MATERIAL PROVIDED: Begin

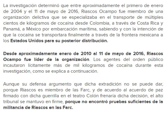 Osías Riascos. Era la cabeza de un grupo que movía toneladas de cocaína, pero él luego testificó que era de las FARC. Ante la imposibilidad de demostrarlo, su situación está en el limbo.
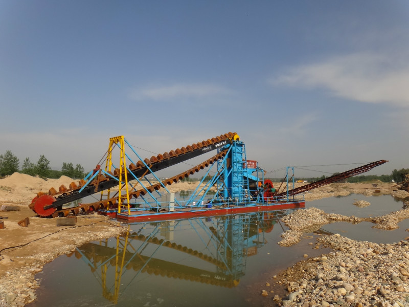 鏈斗式挖沙水洗船的船體使用拼裝式箱型結構,在配有挖掘裝置、篩選裝置、提升裝置、傳送裝置等裝置。鏈斗式挖沙船利用電機驅動挖斗上料。鏈斗式挖沙水洗船在實現河沙的挖掘水洗篩分的過程之后,可以通過揚沙泵或者輸送帶將河沙輸送到岸上。
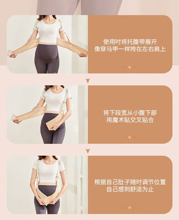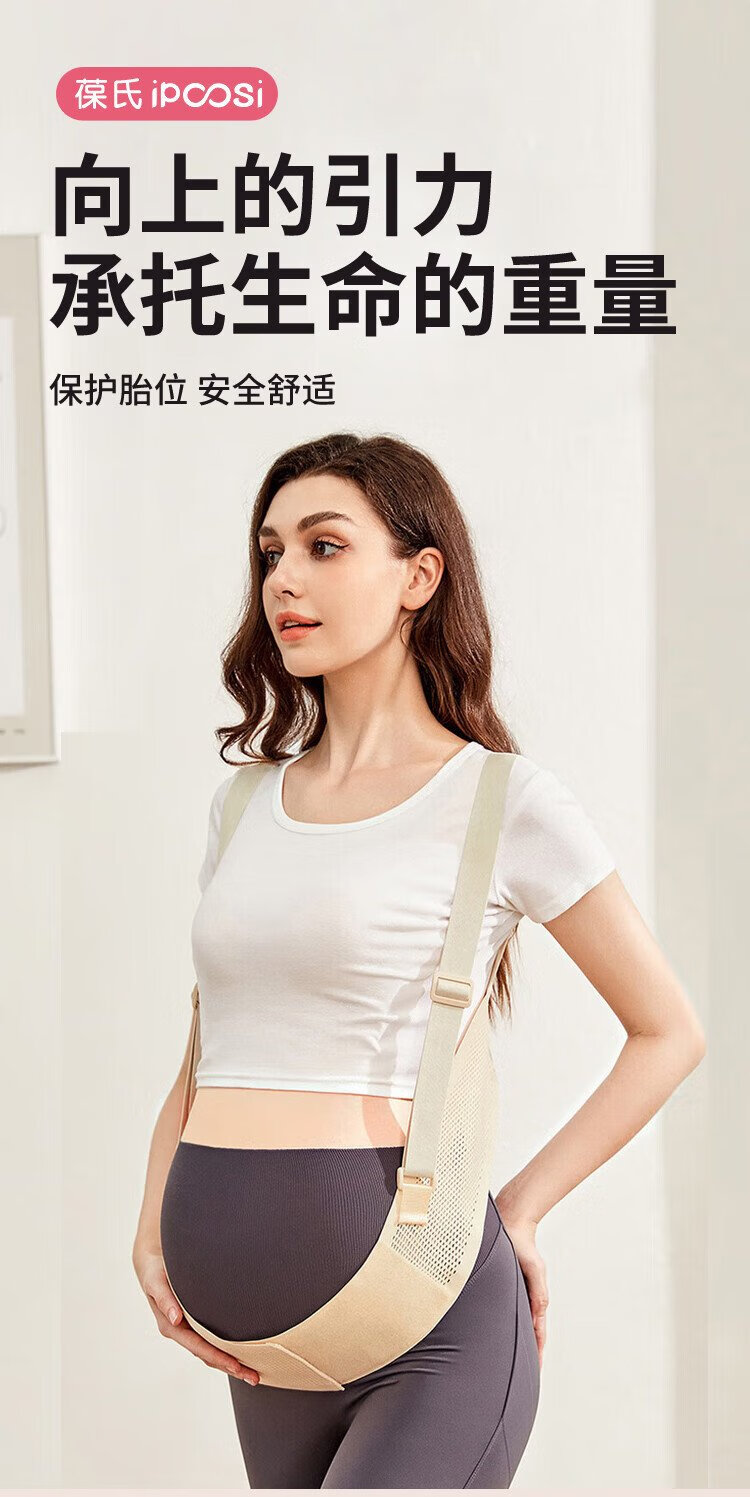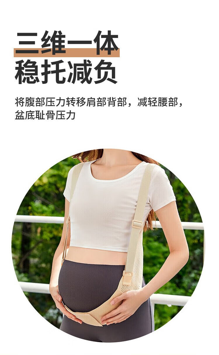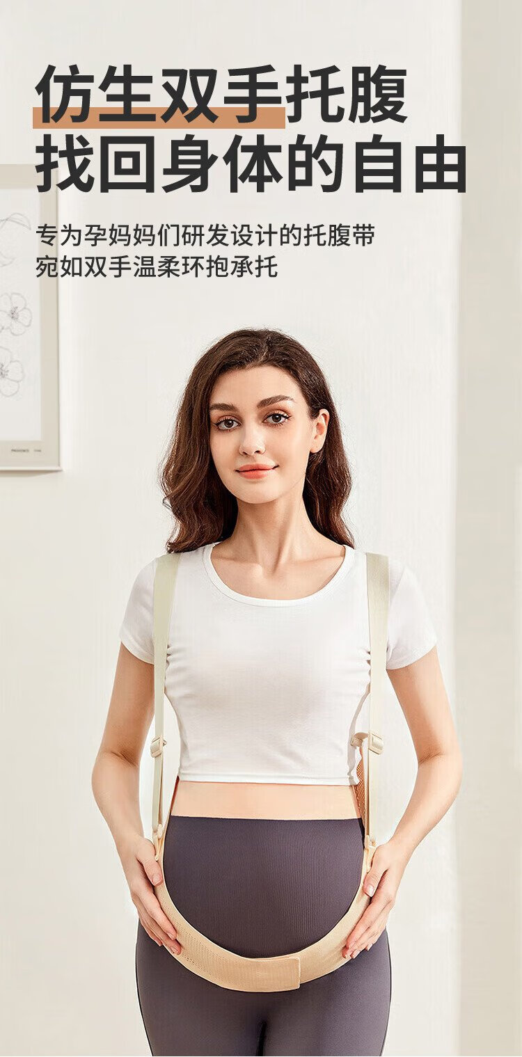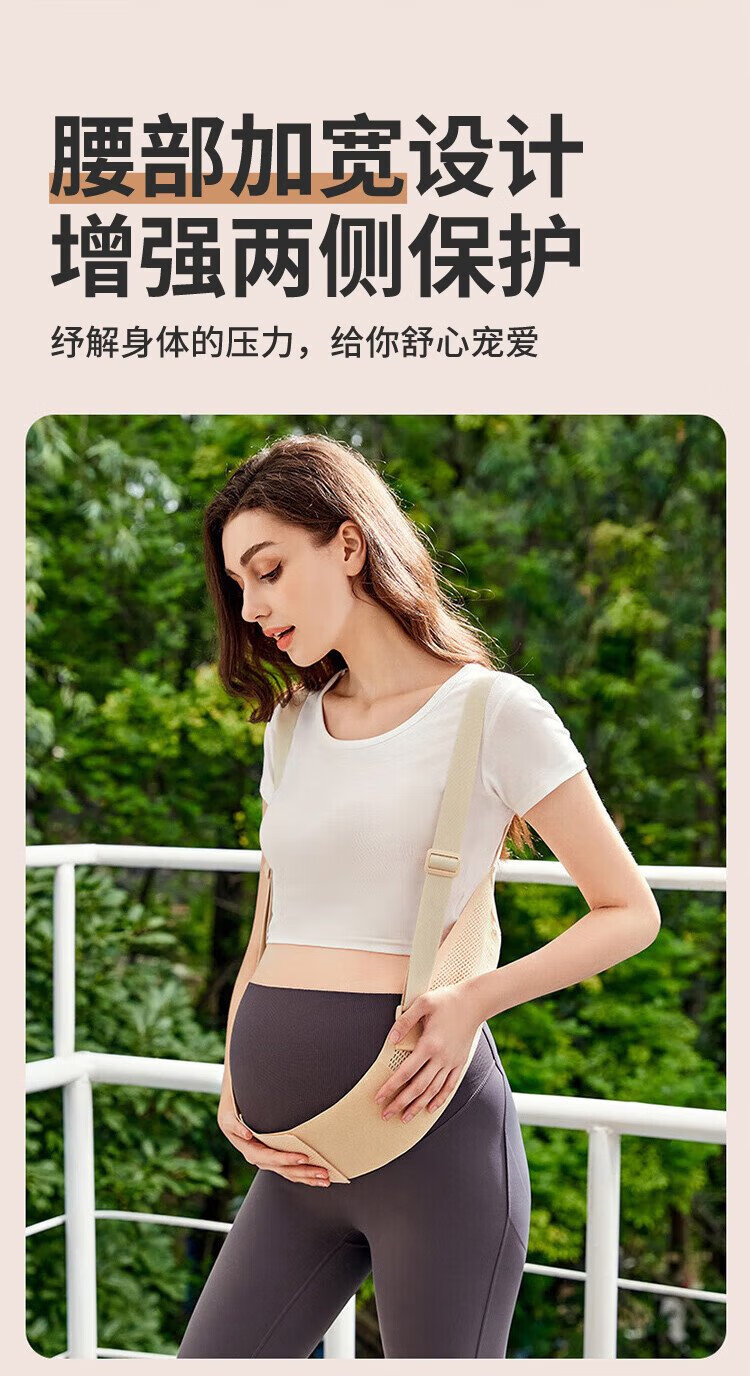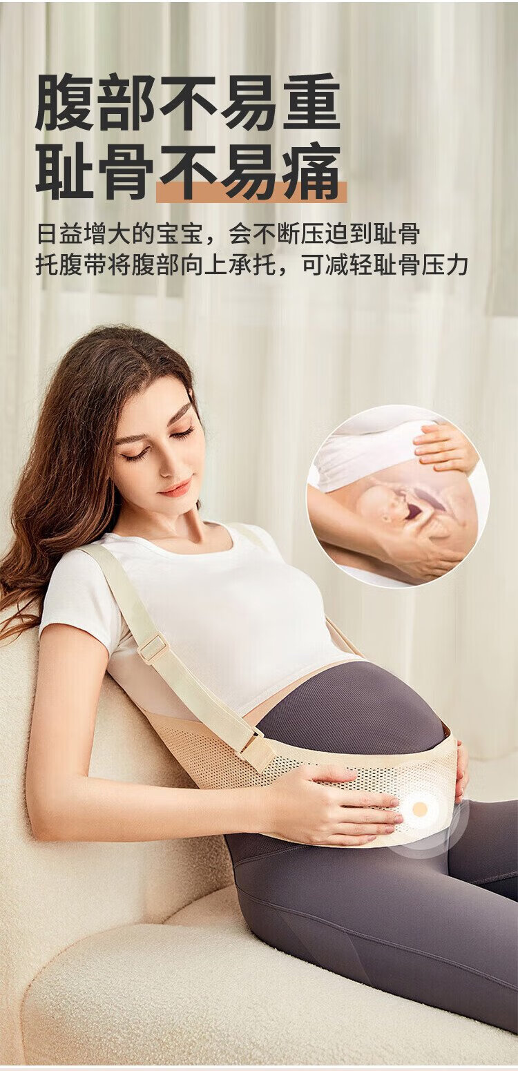 Bao's abdominal support belt for pregnant women, late pregnancy and prenatal abdominal belt, breathable and highly elastic shoulder-type fetal belt, beige M code

MATERIAL PROVIDED: End

YOUR INSTRUCTIONS: Please print the listing above again word for word, without its pictures.

RESULT OF THIS EXERCISE:
 Osías Riascos. Era la cabeza de un grupo que movía toneladas de cocaína, pero él luego testificó que era de las FARC. Ante la imposibilidad de demostrarlo, su situación está en el limbo.
 鏈斗式挖沙水洗船的船體使用拼裝式箱型結構,在配有挖掘裝置、篩選裝置、提升裝置、傳送裝置等裝置。鏈斗式挖沙船利用電機驅動挖斗上料。鏈斗式挖沙水洗船在實現河沙的挖掘水洗篩分的過程之后,可以通過揚沙泵或者輸送帶將河沙輸送到岸上。
 Bao's abdominal support belt for pregnant women, late pregnancy and prenatal abdominal belt, breathable and highly elastic shoulder-type fetal belt, beige M code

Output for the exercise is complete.